Paul Dales, U.S. economist at Capital Economics, noted that housing starts remain 74 percent below their 2006 peak and predicted the housing recovery would be a very "long-winded process."




Meanwhile, initial claims for unemployment benefits dropped last week to a seasonally adjusted 545,000 from an upwardly revised 557,000 the previous week, the Labor Department said Thursday. Wall Street economists expected claims to rise by 5,000, according to Thomson Reuters.

The decline was the third in the past four weeks. The four-week average, which smooths out fluctuations, dropped 8,750 to 563,000. Despite the improvement, that's far above the 325,000 per week that is typical in a healthy economy.

Saturday, September 12, 2009



Rates for 30-year home loans ticked down for the second-straight week, remaining close to record lows reached over the spring.

The average rate for a 30-year fixed mortgage was 5.07 percent this week, down from 5.08 percent a week earlier, mortgage company Freddie Mac said Thursday. Rates, while above the record low of 4.78 percent hit in the spring, are still at attractive levels for people looking to buy a home or refinance.

Rates should stay low for another month or two as government efforts to keep them low remain effective, predicts Michael Larson, an interest rate and real estate analyst with Weiss Research.

But it won’t last forever.
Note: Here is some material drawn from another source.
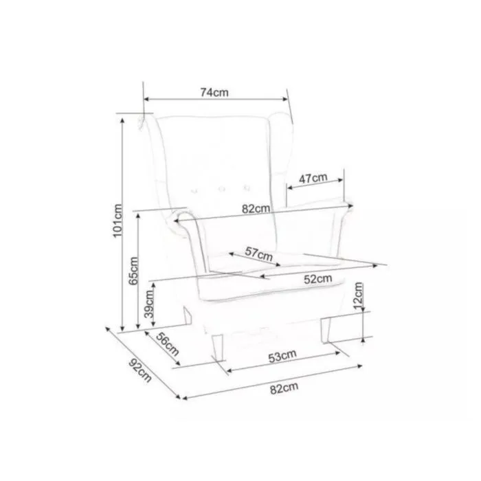 Sedišče in naslon sta mehka ter udobna, kar zagotavlja mehka pena. Nogice so iz lesa barvane v wenge barvo, sedež pa je iz udobnega blaga. Visoki rokonasloni pripomorejo k še večji udobnosti in eleganci.

Rates will eventually trend upward, Larson said, as the economy starts to turn around and concerns return about how long overseas investors can stomach massive levels of U.S. debt.

“Over the longer-term, there’s going to be general upward pressure on interest rates across the spectrum,” he said. “Mortgage rates will be caught up in that.”

To prop up the housing market and help the economy revive from the worst recession since the 1930s, the Federal Reserve is spending $1.25 trillion on mortgage-backed securities, which has driven down rates on home loans.

That money is set to run out by winter, though some analysts expect the central bank to add more money to the program or allow it to last longer by gradually reducing its purchases.

“What the Fed does not want is to see a sharp pickup in mortgage rates,” said Greg McBride, senior financial analyst with Bankrate.com. “That would throw cold water on a recovering housing market.”

With rates low, borrowers are seizing on the opportunity. Mortgage applications for refinancing surged 22.5 percent for the week ending Sept. 4 in the biggest one-week jump since mid-March. According to the Mortgage Bankers Association, applications for home purchases were up 9.5 percent.

Despite government efforts to prop up the mortgage market, qualifying for a loan is still tough. Lenders have tightened their standards dramatically, so the best rates are available to those with solid credit and a 20 percent down payment.

Freddie Mac collects mortgage rates on Monday through Wednesday of each week from lenders around the country. Rates often fluctuate significantly, even within a given day.

The average rate on a 15-year fixed-rate mortgage fell to 4.5 percent, from 4.54 percent last week, according to Freddie Mac.

Rates on five-year, adjustable-rate mortgages averaged 4.51 percent, down from 4.59 percent a week earlier. Rates on one-year, adjustable-rate mortgages rose to 4.64 percent from 4.62 percent.

The rates do not include add-on fees known as points. The nationwide fee for loans in Freddie Mac’s survey averaged 0.7 point for 30-year and 15-year loans, 0.5 point for five-year loans and 0.6 point for one-year loans.